» What to work on
Transcribe the full listing exactly, and drop every picture.

+++ Collected material

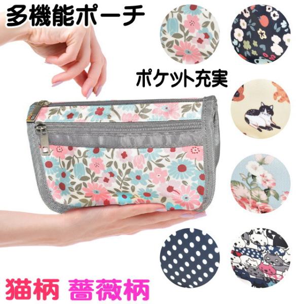 ポーチ 花柄 猫柄 水玉 ドット 小物入れ レディース化粧ポーチ コスメポーチ メイクポーチ 自立 軽量 便利 かわいい おしゃれ ギフト プレゼント 誕生日 爆買
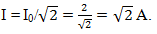 Cường độ dòng điện chạy qua một đoạn mạch có biểu thức i = 2cos100πt (A). Cường độ hiệu dụng của dòng điện này là
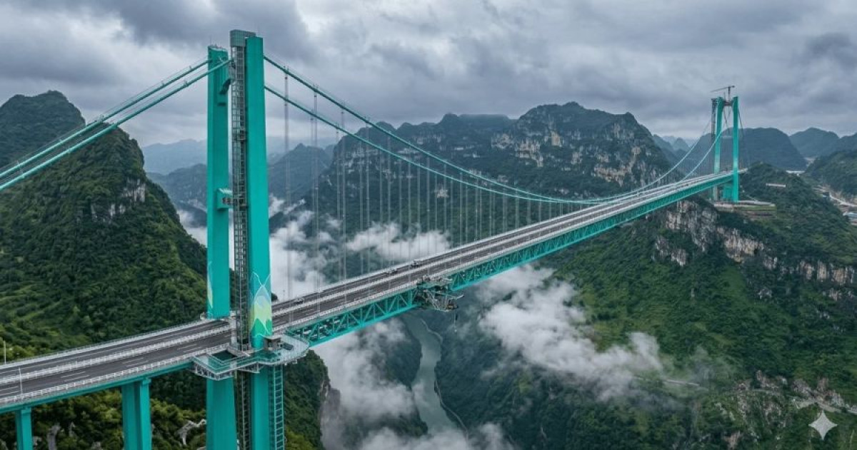 Маалыматка ылайык, мындай көпүрө Гуйчжоу провинциясында курулган. Жаңы курулган көпүрө дүйнөдө рекорд жаңыртып, Франциядагы атактуу Мийо көпүрөсүн артта калтырды.

++++++

» Task output
 ポーチ 花柄 猫柄 水玉 ドット 小物入れ レディース化粧ポーチ コスメポーチ メイクポーチ 自立 軽量 便利 かわいい おしゃれ ギフト プレゼント 誕生日 爆買
 Cường độ dòng điện chạy qua một đoạn mạch có biểu thức i = 2cos100πt (A). Cường độ hiệu dụng của dòng điện này là
 Маалыматка ылайык, мындай көпүрө Гуйчжоу провинциясында курулган. Жаңы курулган көпүрө дүйнөдө рекорд жаңыртып, Франциядагы атактуу Мийо көпүрөсүн артта калтырды.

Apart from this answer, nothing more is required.